Completing a well is also referred to as:

  • Well completion — the standard industry noun form; used in AFE budgets, daily reports, and regulatory filings to describe the post-drilling operational phase
  • Completion operations — the broader phrase covering all activities from rig release to production handover, often used in project scheduling documents
  • Bring a well on production — field shorthand for the full completion and commissioning sequence that ends with the well flowing to a production facility
  • Finish a well — informal field usage; equivalent to completing a well in most operational contexts

Related terms: perforation, hydraulic fracturing, production tubing, packer, wellhead, flowback, stimulation

Frequently Asked Questions About Completing a Well

What is the difference between an open-hole and a cased-hole completion?

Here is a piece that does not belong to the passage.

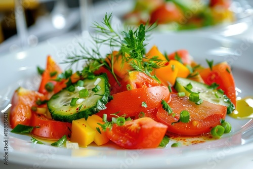 Clear Pixel Picture of Close Up Photo of Fresh Salad with Vegetables in White Plate

An open-hole completion leaves the productive interval uncased, allowing reservoir fluids to flow directly into the wellbore through the bare formation face. This approach is common in competent carbonate or sandstone formations that can stand unsupported and where the full interval is relatively uniform in quality. A cased-hole completion runs and cements steel casing across the productive interval, then perforates the casing to connect the wellbore to the reservoir. Cased-hole completions allow zone isolation, selective perforation of the best intervals, and stimulation of individual stages, making them the standard approach in most oil and gas wells, particularly unconventional horizontal wells where multi-stage hydraulic fracturing requires mechanical isolation between stages.

What is a multi-zone completion and when is it used?

A multi-zone completion simultaneously or selectively produces from two or more separate reservoir intervals through a single wellbore. Commingled completions allow fluids from multiple zones to mix in the wellbore and flow to surface together, which simplifies equipment but prevents individual zone monitoring. Selective completions use packers and sliding sleeves to produce or shut in individual zones independently, enabling better reservoir management, zone-by-zone production allocation, and targeted workovers. Multi-zone completions are particularly valuable in stacked pay environments like the Permian Basin, where multiple reservoir targets are penetrated by a single vertical wellbore, reducing the total number of wells needed to develop the field.

How does the completion handover from drilling to production operations work?

The handover from drilling to production operations formally transfers responsibility for the well once completion operations are finished and the well has passed its production test. The drilling engineer prepares a completion report documenting all perforation intervals, stimulation treatment data (volumes pumped, pressures, proppant placed), tubing and packer configuration, and wellhead equipment specifications. This report, along with the well's pressure transient test results, deliverability test data, and as-built wellbore schematic, is handed to the production engineer and facility operations team. The production engineer uses this data to configure surface equipment, set choke sizes, plan artificial lift if required, and establish production allocation for the well in the reservoir simulation model.

Why Completing a Well Matters in Oil and Gas

Completion operations represent the bridge between a drilled wellbore and a producing asset. In a typical unconventional oil well, completion costs — perforating, stimulation, tubing, wellhead, and flowback — account for 40 to 60 percent of the total well cost, often exceeding the drilling cost itself. The quality of the completion directly determines the well's initial production rate, its estimated ultimate recovery (EUR), and the shape of its decline curve over its producing life. Poor completion design — inadequate fracture coverage, damaged perforations, incorrect fluid selection, or insufficient proppant — can permanently impair a well that encountered excellent reservoir quality. Conversely, an optimized completion in a moderate reservoir can outperform a poorly completed well in a better formation. As unconventional plays mature and operators pursue inventory in tighter, lower-quality rock, completion engineering has become one of the primary levers for improving well economics.